I’m in charge of breakfast, so I’ll get my raisin bread on the fire. I’m baking it in a rather thin pot so it’ll be tricky to keep it from burning. Not like my nice cast iron. They are so impressed with my cooking I hate to have a flop here, so I must pay attention. The porters managed to get the dozen eggs I brought up here intact, not even a crack (they are so worth their $6/ day) so I’m making a basil and cheese omelet to go with the raisin bread. And sausage, just because it’s Easter.

This will be late as I’ll post it when we get down off the mountain tomorrow.

Much love to everyone. Now more than ever. Happy Easter.

Linda

Sunday Morning~Blantyre

Sunday Morning~ Blantyre

April 9, 2017

Hi Everyone,

While waiting for the kettle to boil for tea this morning, I turned off the outside light and looked to see if the night guard was around. He’s been leaving early and not waiting for the day guard to arrive. I happened to be looking at our gate that leads to a footpath and saw a hand reach in to see if the lock was secure. To open the gate from the footpath, you have to reach in a little hole cut into the sheet metal, turn the padlock so the keyhole is pointed up, reach your hand into the square opening, insert the key, and fiddle with it until it opens. It’s a little annoying. To open it from the inside is a little easier as you can use one hand to hold the lock and one to use the key without the sheet metal digging into your wrist. But even that is a nuisance. I hate being locked in here like this. I appreciate when the guard is right there and does it for me, but often Chimwemwe is gardening, so I do it myself. I’ve often wondered why we need that padlock? There are already multiple locks on the doors of the house and we don’t leave anything outside. But this morning when I caught the glimpse of a hand coming through the opening in the sheet metal, grabbing the lock, turning it to see if it was indeed locked, which it was, then dropping it and walking on, I wondered if it was a thief checking to see if entry would be easy. Finding the gate locked I guess he decided it would be too much hassle to climb over the brick wall and deal with the razor wire on top. Hmm, I’m not sure what was going on, but I guess it’s a good idea to keep it locked.

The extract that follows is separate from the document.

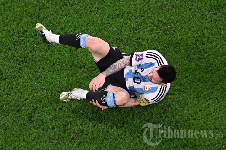 Penyerang nomor Argentina Lionel Messi terjatuh saat pertandingan sepak bola babak 16 besar Piala Dunia Qatar 2022 antara Argentina dan Australia di Stadion Ahmad Bin Ali di Al-Rayyan, sebelah barat Doha. (3 Desember 2022). (Kirill KUDRYAVTSEV / AFP)
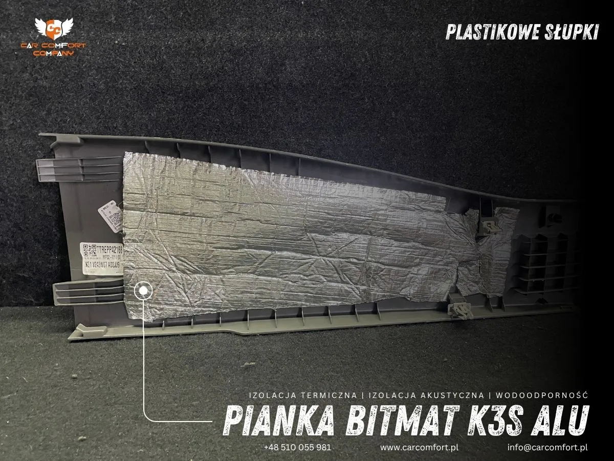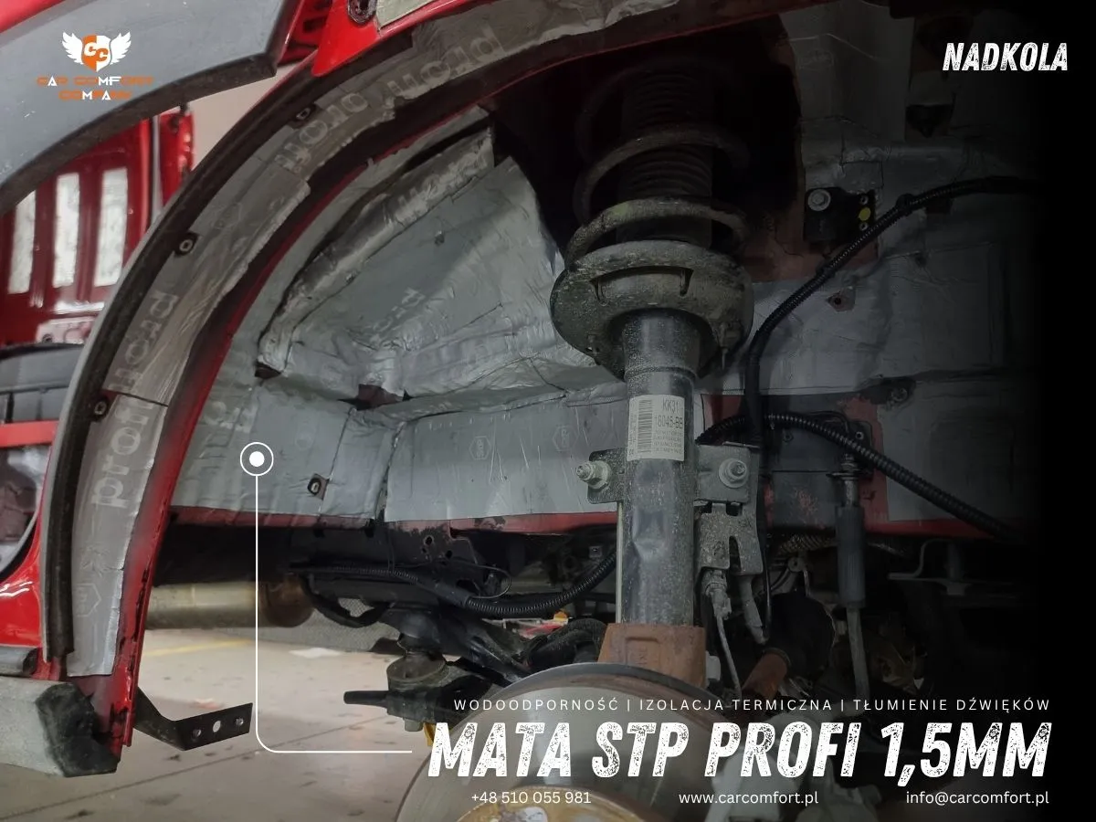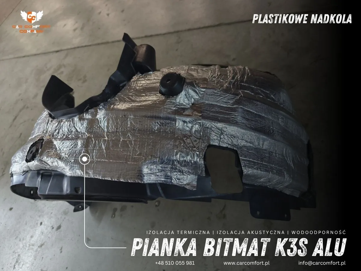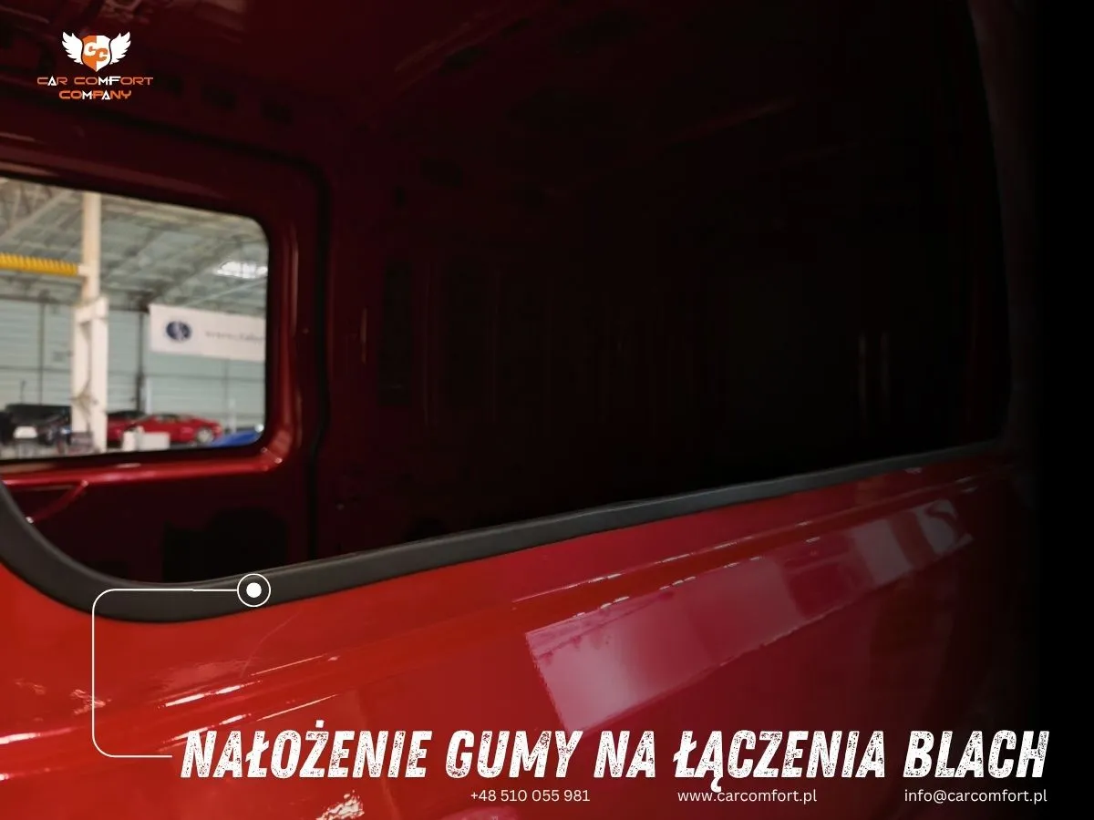 W Fordzie Transit L3 przeprowadzono kompleksowe wyciszenie całej kabiny oraz maski silnika. Do wyciszenia drzwi, słupków, boczków drzwi, plastikowych nadkoli i zewnętrznych nadkoli zastosowano StP Profi 1,5 mm jako pierwszą i trzecią warstwę (gdzie to było wymagane), oraz K3s ALU jako drugą warstwę. Uszczelki drzwi wzmocniono Sznur sealing cord. Wszystkie te materiały zostały użyte do stworzenia wielowarstwowej bariery akustycznej. Ponadto, wykonano montaż akumulatorów Webasto, zapewniających niezawodne zasilanie dla systemu ogrzewania postojowego. Całość uzupełniło profesjonalne przyciemnianie szyb, które zwiększyło komfort termiczny oraz prywatność.

Ugh, what a week. Twenty hours of lecturing in a week is a lot. If you just look at the number hours, it seems like half time. But considering it was my first time teaching this, the prep took up just as much time. It actually should have been more prep for me to be properly prepared. I did more winging it than I should have and it showed during the genetics unit. My exhausted evening idea of downloading some simple Genetics 101 video from youtube bombed when the internet was so slow nothing would download. In my exhausted state I figured it would work in the morning. (Being exhausted is a little like being drunk, some ideas seem really good at the time.) I tried at 5 a.m. but it didn’t work, and an hour later I was like, Ok, I’m screwed. I had to admit part way through the lecture that I really didn’t understand parts of the material myself. I vaguely remembered having to memorize some of this stuff in nursing school and as I recall, I didn’t do too well on that test. I should not have been teaching genetics. The parts of genetic counseling I do know, I was able to relate fairly well, but it all seemed pie in the sky anyway. If they had frigging water to wash their hands with I’d be happy. No one in my lifetime here is going to have an amniocentesis. But albinism is fairly common and being able to describe how it is inherited could actually have some impact. I focused on stuff like that to distract from the fact that I still have to look up the definition of chromatid. Anyway, I’ve got this afternoon to gear up for another similar week, then two more days the following week and my section will be done. My remaining lectures are topics I’m up on, so I think I’m over the steepest hill.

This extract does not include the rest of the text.